Background/aims: Neuroendocrine tumors are usually slow growing and carry a prolonged prognosis. The presence of liver metastases significantly impairs long-term survival. The clinical experience with 28 patients admitted since 1981 for liver metastases from neuroendocrine tumors was retrospectively reviewed to analyze the clinical and surgical management and to evaluate their outcome.
Methodology: Surgery was indicated in 25 (89.2%) patients. Three had metachronous metastases. A correct diagnosis of these liver metastases was achieved before laparotomy in 15 (68.1%) of the remaining 22. The primary tumor site, unknown in 14/22 patients, was located during surgery only in 8 (57.1%).

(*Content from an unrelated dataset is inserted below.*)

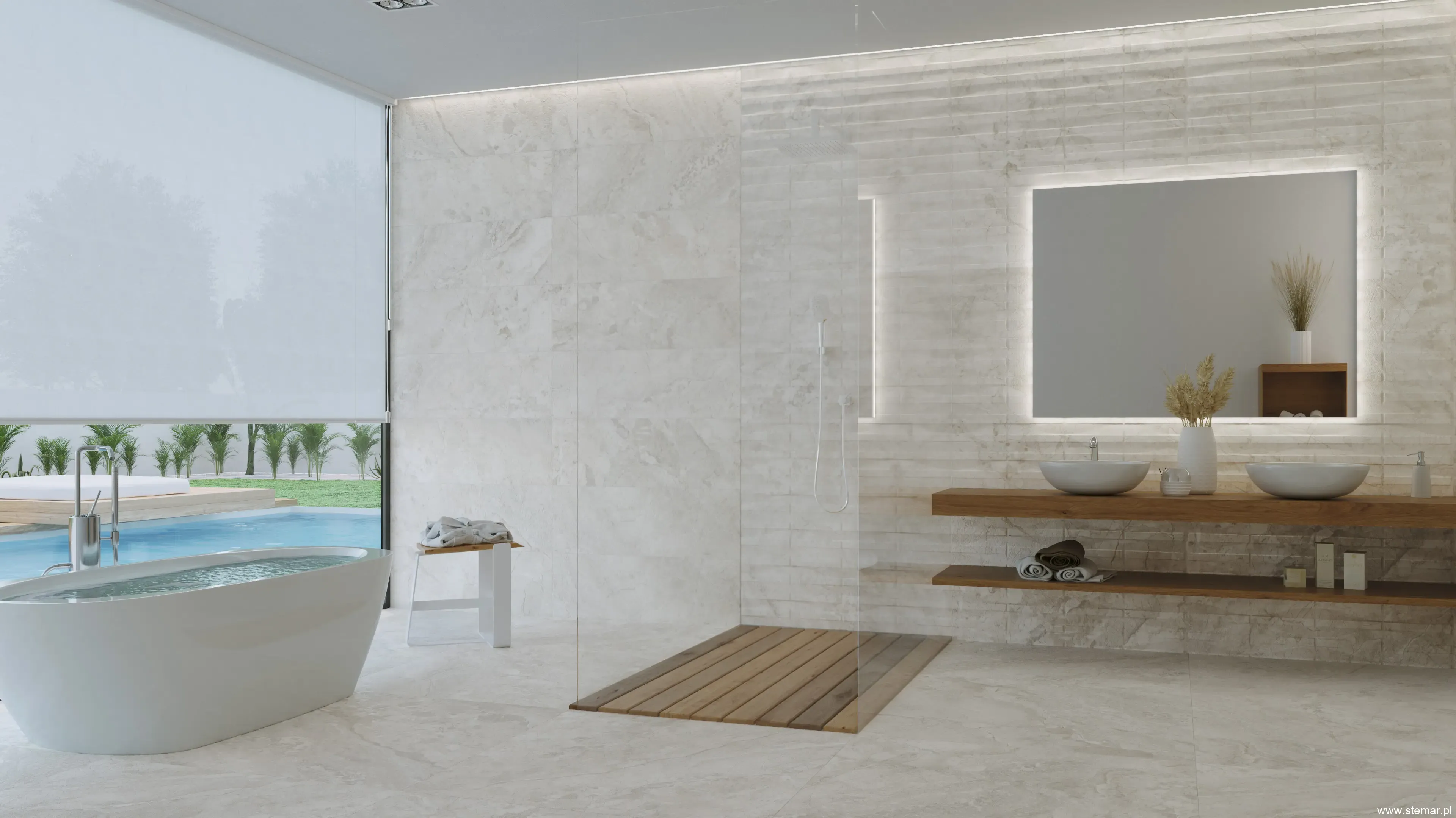 - Łazienka domowa – podłoga i ściany, w tym strefa prysznica walk-in; mat i antypoślizgowość poprawiają komfort użytkowania.

Results: Due to tumoral spread, surgery was limited to exploration in 3 cases. Liver resections were performed in 19/22 patients (3 for palliation): 11/19 (57.9%) were major hepatectomies and in 8/19 (42.1%) cases they were accomplished by procedures for removing the primary tumor. Overall, curative procedures were carried out in 16/28 (57.1%). Resections were performed in 6 cases without the knowledge of the primary site. There was no operative mortality. Overall recurrence rate was 50.0%. Four-year actuarial survival was 92.6% after resection and 18.5% for patients that did not receive surgery (P < 0.001).

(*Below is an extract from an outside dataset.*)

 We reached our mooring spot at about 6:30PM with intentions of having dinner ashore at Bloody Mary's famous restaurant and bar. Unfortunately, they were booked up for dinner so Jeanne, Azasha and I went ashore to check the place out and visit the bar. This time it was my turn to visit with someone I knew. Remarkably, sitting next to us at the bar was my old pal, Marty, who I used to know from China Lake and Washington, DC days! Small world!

Conclusions: Our experience confirms that the small number of patients makes the management of liver metastases from neuroendocrine tumors difficult to plan. In consideration of the satisfactory results achieved with an aggressive policy of resection, we advise referral of these patients to specialized liver units where major hepatic procedures, even if extended, can be safely performed.